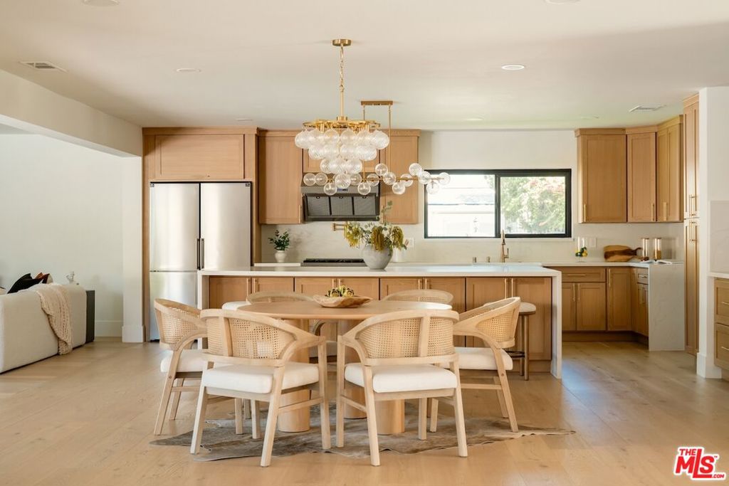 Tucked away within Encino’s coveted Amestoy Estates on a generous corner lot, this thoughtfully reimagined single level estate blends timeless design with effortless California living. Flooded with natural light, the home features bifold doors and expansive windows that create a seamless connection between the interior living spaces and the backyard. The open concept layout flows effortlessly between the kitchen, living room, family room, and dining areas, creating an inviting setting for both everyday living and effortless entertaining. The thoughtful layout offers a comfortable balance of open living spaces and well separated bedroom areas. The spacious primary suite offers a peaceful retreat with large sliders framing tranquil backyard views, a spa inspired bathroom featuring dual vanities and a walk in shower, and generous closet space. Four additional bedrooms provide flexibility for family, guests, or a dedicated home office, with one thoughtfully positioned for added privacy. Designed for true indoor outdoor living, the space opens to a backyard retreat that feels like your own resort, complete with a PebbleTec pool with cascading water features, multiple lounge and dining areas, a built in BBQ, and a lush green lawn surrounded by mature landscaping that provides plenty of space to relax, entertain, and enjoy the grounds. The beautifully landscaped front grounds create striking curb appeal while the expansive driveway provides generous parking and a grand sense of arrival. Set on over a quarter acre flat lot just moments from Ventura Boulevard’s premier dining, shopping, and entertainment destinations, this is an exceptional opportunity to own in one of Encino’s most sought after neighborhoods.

=======

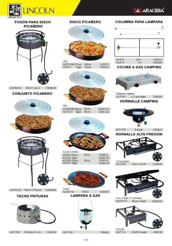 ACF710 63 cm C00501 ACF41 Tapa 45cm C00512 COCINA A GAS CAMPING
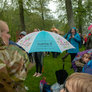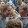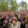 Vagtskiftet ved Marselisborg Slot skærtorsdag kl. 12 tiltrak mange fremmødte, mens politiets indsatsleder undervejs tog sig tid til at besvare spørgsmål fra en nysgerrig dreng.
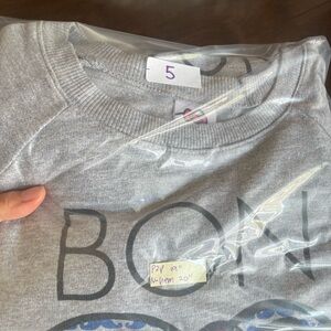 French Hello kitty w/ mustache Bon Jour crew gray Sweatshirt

=======

## PROBLEM:
Both the line containing "Vagtskiftet ved Marselisborg" and the line containing "French Hello kitty" above belong in the output, as do the lines between them. Print them exactly, without pictures.

## COMPLETED EXERCISE:
 Vagtskiftet ved Marselisborg Slot skærtorsdag kl. 12 tiltrak mange fremmødte, mens politiets indsatsleder undervejs tog sig tid til at besvare spørgsmål fra en nysgerrig dreng.
 French Hello kitty w/ mustache Bon Jour crew gray Sweatshirt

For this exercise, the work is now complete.